– Jeśli spółce nie uda się utrzymać płynności finansowej na cały rok liczba kursów, ale też etatów może być zmniejszana – mówi wiceprezydenta Nowego Sącza Artur Bochenek. Wciąż niepewna jest przyszłość finansowa miejskiej spółki. Konieczne są oszczędności i nie pomaga fakt, że w budżecie na 2021 rok Rada Miejska ucięła przedsiębiorstwu ponad 4 miliony złotych dotacji.
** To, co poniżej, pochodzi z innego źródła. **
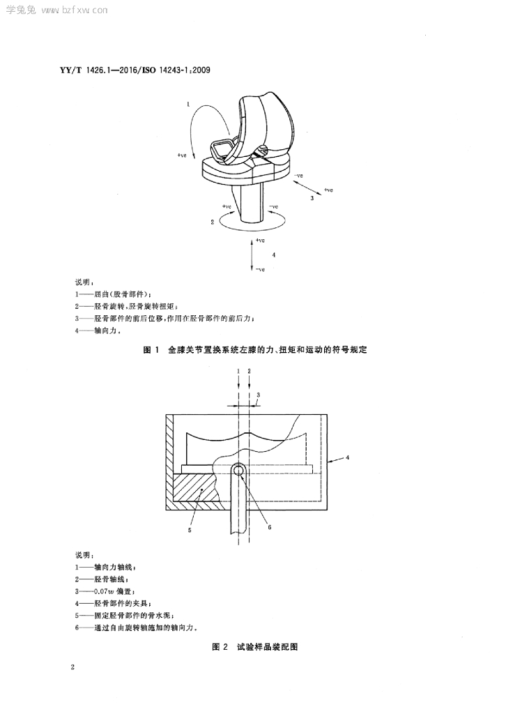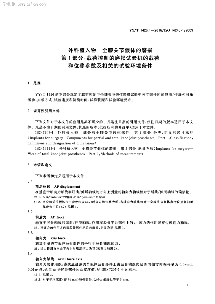 YY/T 1426.1-2016/ISO 14243-1:2009 外科植入物全膝关节假体的磨损 第1部分:载荷控制的磨损试验机的载荷和位移参数及相关的试验环境条件

– Zagrożenie się pojawi w ramach wyczerpujących się środków finansowych. Pewnie w ostatnich dwóch kwartałach bieżącego roku. W chwili obecnej jeszcze jakaś płynność finansowa jest zachowana, ale skoro było potrzebne 19 milionów na cały rok to kiedyś to niecałe 15 milionów się skończy i spółka MPK nie będzie miała pieniędzy, więc musi sobie rozłożyć ten budżet, którym aktualnie dysponuje w ten sposób, żeby utrzymać płynność finansową przez cały rok.
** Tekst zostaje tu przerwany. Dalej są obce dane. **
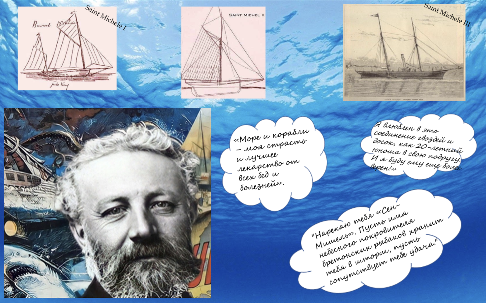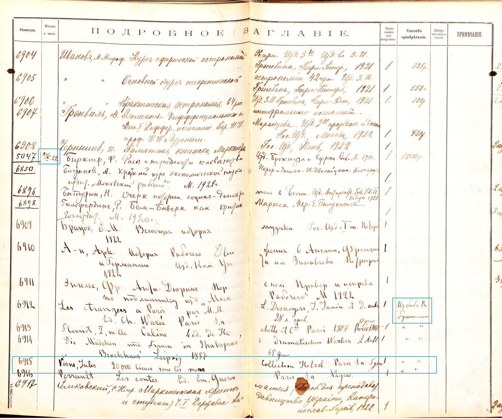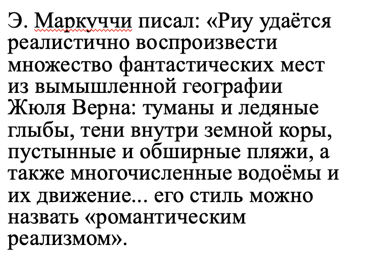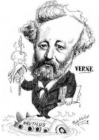 «Среди книг я увидел лучшие произведения древних и современных писателей, поэтов и мыслителей, начиная с Гомера и заканчивая Виктором Гюго, от Ксенофонта до Прудона, от Рабле до госпожи Санд. Особенно много было научных книг. Тома по механике, баллистике, гидрографии, метеорологии, географии, геологии чередовались с трудами по естественной истории. Очевидно, капитан Немо охотнее всего читал подобные произведения. Я нашёл здесь полное собрание работ Гумбольдта, Араго, Фуко, Анри Сент-Клер Девиля, Шасля, Мильна-Эдвардса, Катрфажа, Тиндаля, Фарадея, Бертло, Секки, Петермана, капитана Мори, Агассиса, а также «Записки» Академии наук, сборники различных географических обществ».

Jak dodaje Artur Bochenek, rozwiązaniem tej sytuacji mogłaby być zmiana uchwały budżetowej.
– Ruch leży po stronie prezydenta Ludomira Handzla – komentuje radny Michał Kądziołka z klubu Prawo i Sprawiedliwość-Wybieram Nowy Sącz. – Pewne obietnice wyborcze były źle wyliczone stąd teraz pojawił się ten problem – dodaje.
– Uchwały budżetowe, które podejmuje Rada Miejska są wielokrotnie zmieniane, więc na razie spółki MPK w żaden sposób nie jest zagrożony. Natomiast rzeczywiście trzeba przeanalizować ewentualną propozycję prezydenta dotyczącą wolnych środków w budżecie, jeżeli oczywiście taka wpłynie i na to my jesteśmy otwarci. takie rozwiązanie proponujemy i jesteśmy gotowi do konsultacji.
Michał Kądziołka dodaje że jego klub nie zgodzi się na pewno na to, aby w ramach środków dla MPK likwidować dotację do wody dla nowosądeczan, bo jak mówi wolne środki z budżetu, które po pierwszych miesiącach tego roku pojawią się zapewne w kwocie kilku milionów złotych, w wystarczający sposób gwarantowałyby bezpieczny budżet dla spółki MPK.
Najbliższe miesiące pokażą czy samorządowcy z Nowego Sącza będą szukać kompromisu i czy któraś ze stron sporu będzie wnosiła o zmianę uchwały budżetowej w tej sprawie.